■ SUPPLIED RECORDS
[Start of section]

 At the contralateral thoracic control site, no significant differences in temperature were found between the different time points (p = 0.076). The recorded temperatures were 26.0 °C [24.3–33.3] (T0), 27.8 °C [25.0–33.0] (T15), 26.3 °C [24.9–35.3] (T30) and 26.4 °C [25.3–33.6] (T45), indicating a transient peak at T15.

[End of section]
[Start of section]

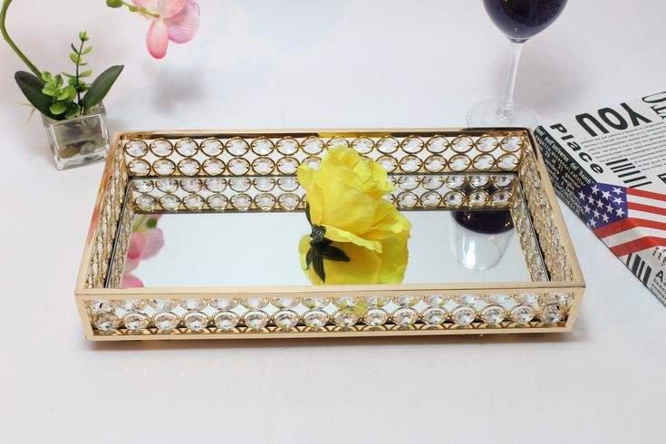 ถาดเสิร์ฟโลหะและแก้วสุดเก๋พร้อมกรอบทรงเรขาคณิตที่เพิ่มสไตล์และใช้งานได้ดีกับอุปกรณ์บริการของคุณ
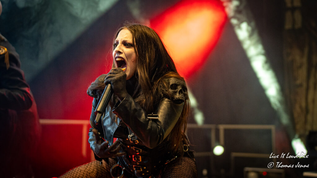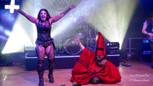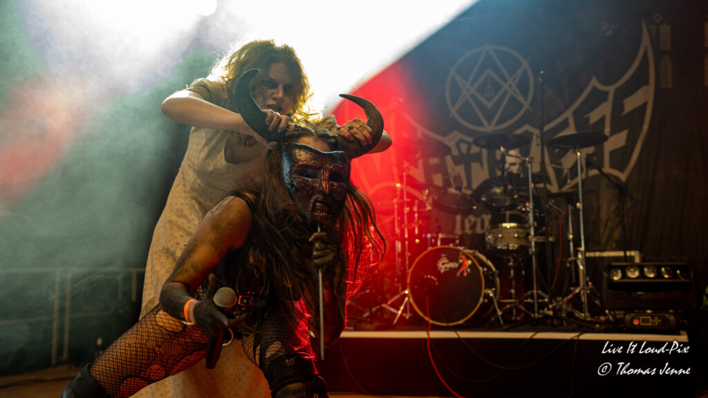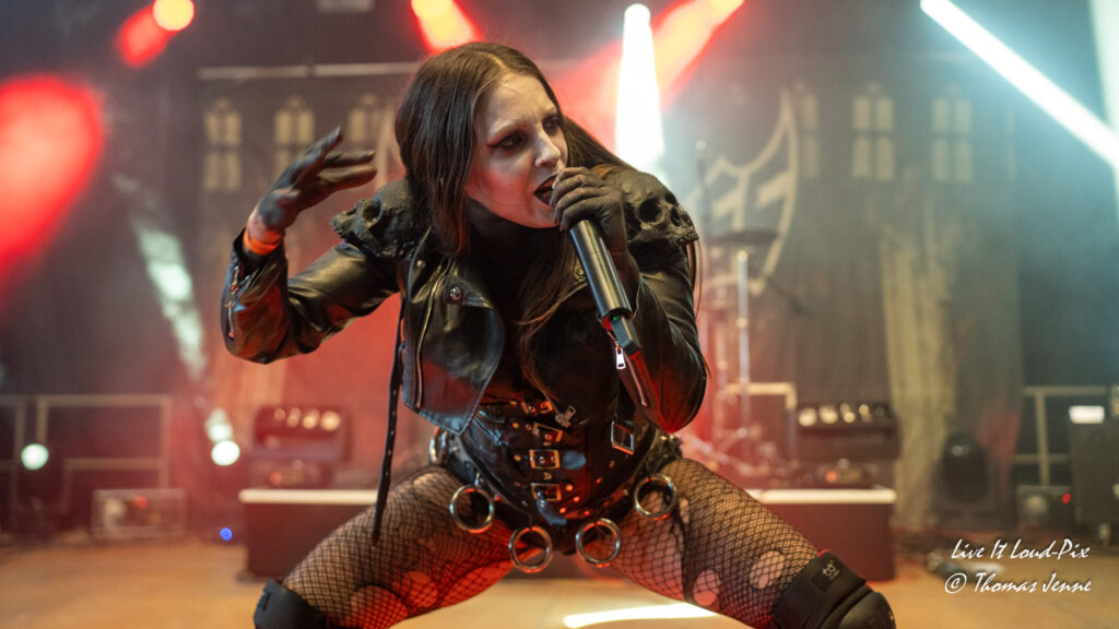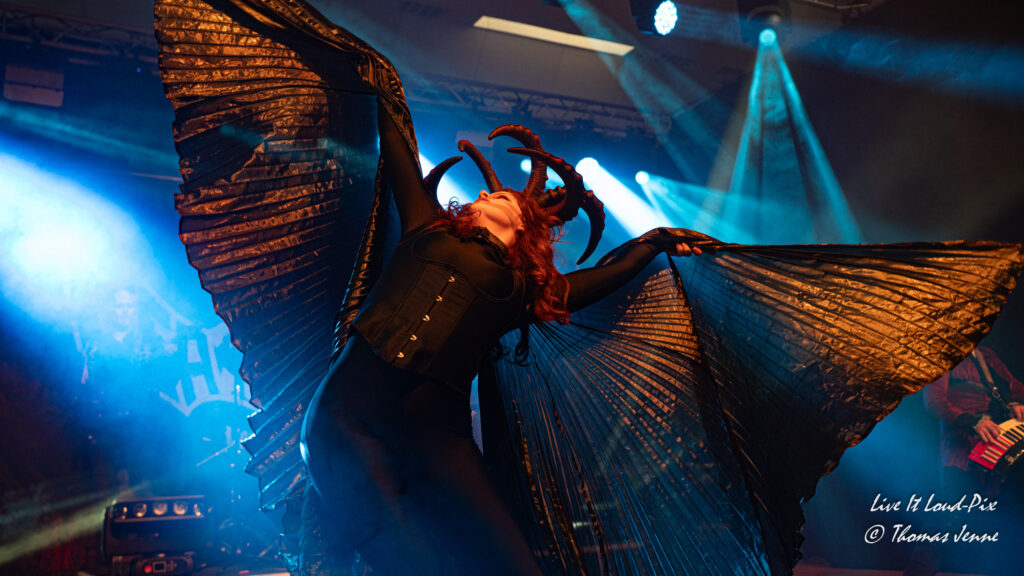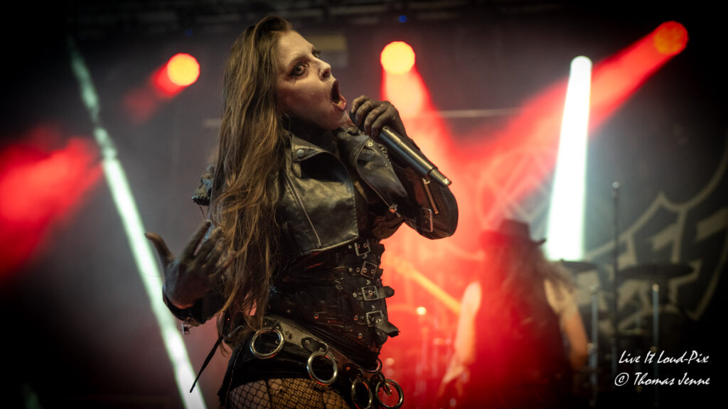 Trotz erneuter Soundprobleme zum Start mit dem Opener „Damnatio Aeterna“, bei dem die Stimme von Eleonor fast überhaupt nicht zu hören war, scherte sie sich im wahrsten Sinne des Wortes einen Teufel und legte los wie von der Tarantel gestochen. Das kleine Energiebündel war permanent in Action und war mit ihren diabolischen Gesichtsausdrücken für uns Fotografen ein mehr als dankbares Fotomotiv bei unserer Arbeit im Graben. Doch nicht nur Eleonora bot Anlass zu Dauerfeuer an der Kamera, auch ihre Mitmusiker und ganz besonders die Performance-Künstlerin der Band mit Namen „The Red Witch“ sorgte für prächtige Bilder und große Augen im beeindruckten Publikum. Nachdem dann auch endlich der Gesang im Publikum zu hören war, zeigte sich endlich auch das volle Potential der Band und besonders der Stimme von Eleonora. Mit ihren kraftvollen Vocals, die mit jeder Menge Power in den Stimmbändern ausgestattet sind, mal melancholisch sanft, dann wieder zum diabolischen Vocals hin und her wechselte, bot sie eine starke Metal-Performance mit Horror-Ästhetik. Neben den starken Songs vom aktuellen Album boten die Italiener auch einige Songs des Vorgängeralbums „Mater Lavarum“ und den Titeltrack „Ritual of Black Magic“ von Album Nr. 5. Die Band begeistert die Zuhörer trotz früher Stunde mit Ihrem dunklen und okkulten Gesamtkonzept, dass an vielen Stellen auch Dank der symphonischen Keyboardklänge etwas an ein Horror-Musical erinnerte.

[End of section]
[Start of section]

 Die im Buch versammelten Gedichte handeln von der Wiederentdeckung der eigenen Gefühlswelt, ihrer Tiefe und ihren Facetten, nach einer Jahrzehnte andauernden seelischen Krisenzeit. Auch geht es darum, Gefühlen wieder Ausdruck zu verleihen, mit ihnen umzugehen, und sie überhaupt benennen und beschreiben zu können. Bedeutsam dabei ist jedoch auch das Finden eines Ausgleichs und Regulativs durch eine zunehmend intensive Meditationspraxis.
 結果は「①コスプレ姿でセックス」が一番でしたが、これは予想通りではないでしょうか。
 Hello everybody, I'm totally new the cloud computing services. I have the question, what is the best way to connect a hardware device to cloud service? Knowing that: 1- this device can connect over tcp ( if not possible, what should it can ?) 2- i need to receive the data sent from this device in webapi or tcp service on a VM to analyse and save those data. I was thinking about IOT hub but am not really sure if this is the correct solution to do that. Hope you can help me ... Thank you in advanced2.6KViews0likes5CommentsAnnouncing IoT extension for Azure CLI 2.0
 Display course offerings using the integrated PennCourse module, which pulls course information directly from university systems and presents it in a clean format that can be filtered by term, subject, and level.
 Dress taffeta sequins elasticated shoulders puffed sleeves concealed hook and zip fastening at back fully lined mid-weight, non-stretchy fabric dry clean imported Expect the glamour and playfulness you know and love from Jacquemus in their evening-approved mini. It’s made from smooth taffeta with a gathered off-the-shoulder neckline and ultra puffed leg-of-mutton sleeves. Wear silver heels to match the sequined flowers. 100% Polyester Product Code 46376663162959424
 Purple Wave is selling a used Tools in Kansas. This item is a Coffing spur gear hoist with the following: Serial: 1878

[End of section]

■ WHAT YOU SHOULD DO
Go through the records above and return each line in which the word "clean" occurs.

■ SOLUTION
 Display course offerings using the integrated PennCourse module, which pulls course information directly from university systems and presents it in a clean format that can be filtered by term, subject, and level.
 Dress taffeta sequins elasticated shoulders puffed sleeves concealed hook and zip fastening at back fully lined mid-weight, non-stretchy fabric dry clean imported Expect the glamour and playfulness you know and love from Jacquemus in their evening-approved mini. It’s made from smooth taffeta with a gathered off-the-shoulder neckline and ultra puffed leg-of-mutton sleeves. Wear silver heels to match the sequined flowers. 100% Polyester Product Code 46376663162959424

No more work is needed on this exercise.